A negative example: website of Quicken: designed not for or about the user, but is about selling Quicken. Compare that to:
Mint.com -- a personal finance site. Note the emblazoned banner: “the best (free) way to manage your money.” This website is not about Mint.com, but about the user. It is a website whose design is based on user's fears and desires. We didn't come to this website to learn about Mint. We came to fix our financial life. Secondary to that is using Mint.
If you fail to consider user goals in seeking your business objectives, you won’t deliver useful content. If you can align user goals with your business objectives you’ll strike the right balance.

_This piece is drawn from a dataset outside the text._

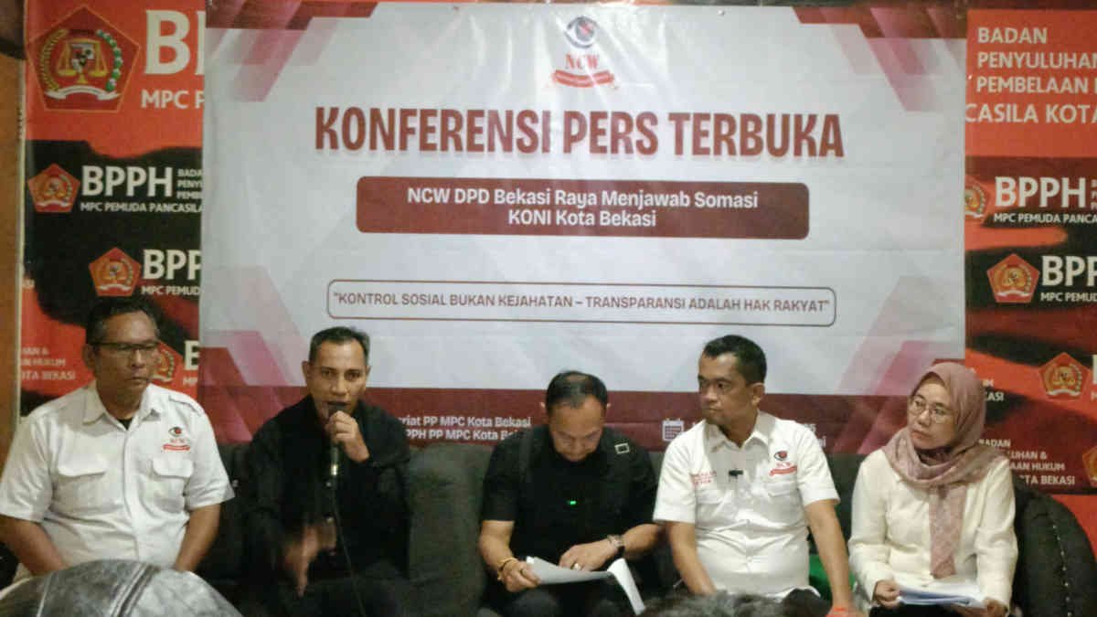 Dalam konferensi pers yang digelar di ruang BPPH Sekretariat MPC Pemuda Pancasila (PP) Kota Bekasi, Ketua NCW Bekasi Raya, Herman menegaskan, tidak gentar menghadapi somasi KONI.
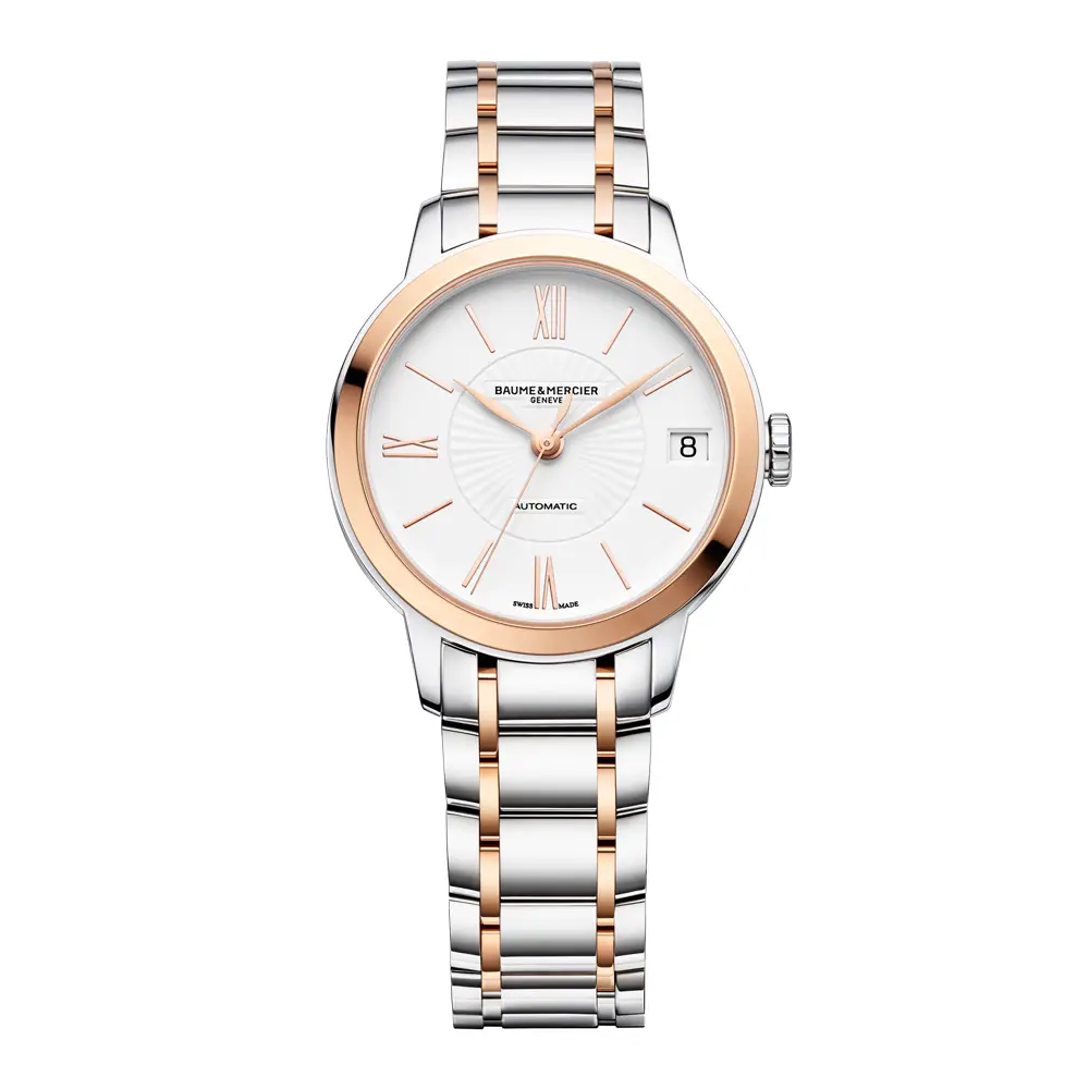 Baume & Mercier Classima M0A10269 ztělesňuje nadčasovou eleganci a jemný ženský styl. Pouzdro z nerezové oceli o průměru 31 mm doplňuje luneta z 18kt růžového zlata, která dodává hodinkám sofistikovaný kontrast. Bílý číselník s guilloché vzorem a zlatými římskými číslicemi odráží klasický duch kolekce Classima, zatímco decentní datum na 3. hodině podtrhuje praktičnost modelu.

Three examples of companies that deliver useful content and do it well:
1. REI
2. Room & Board
3. Ford Models
So...
How does content strategy work? There are four parts:
Plan. Create. Deliver. Govern.
Plan:
Process:
- What do we have?
- What are we trying to do?
- What do our content ecosystems look like? (all factors that have impact on living thing of content)
- What are our opportunities, risks, and success metrics? (SEO) - How are you going to measure success? (fixing content is not a measure of success – you must measure how success is made)
Your content is organized by a content inventory. This inventory only identifies content and a few notes. It is a quantitative audit by which you obtain:
- measurable project outcomes.
- content recommendations for your project:
- What do our content ecosystems look like?
- What are our opportunities, risks, and success metrics? Consider external and internal factors.
- The Plan:
Your plan should form a continuous circle of learning / creation / examination, or Create, Deliver, Govern.
This is the mantra of social media: you must be ready to stay engaged. No longer can you create content and then leave it to dry out, age, and spoil.
What do you get? Multiple benefits: better user experience, great brand consistency, new operational efficiencies, better risk management, improved SEO, and more effective personalization and targeting.
How can you start?
Currently we think of content as the responsibility of a writer. But it requires more functions. We need to recognize content as a complex thing and the responsibility of many. Marketing tasks in all their variety are activities which can be considered content. We must have processes in place that recognize the web as an eco system.
In closing Halvorson admonished us:
You are a publisher - treat your content as a critical business asset.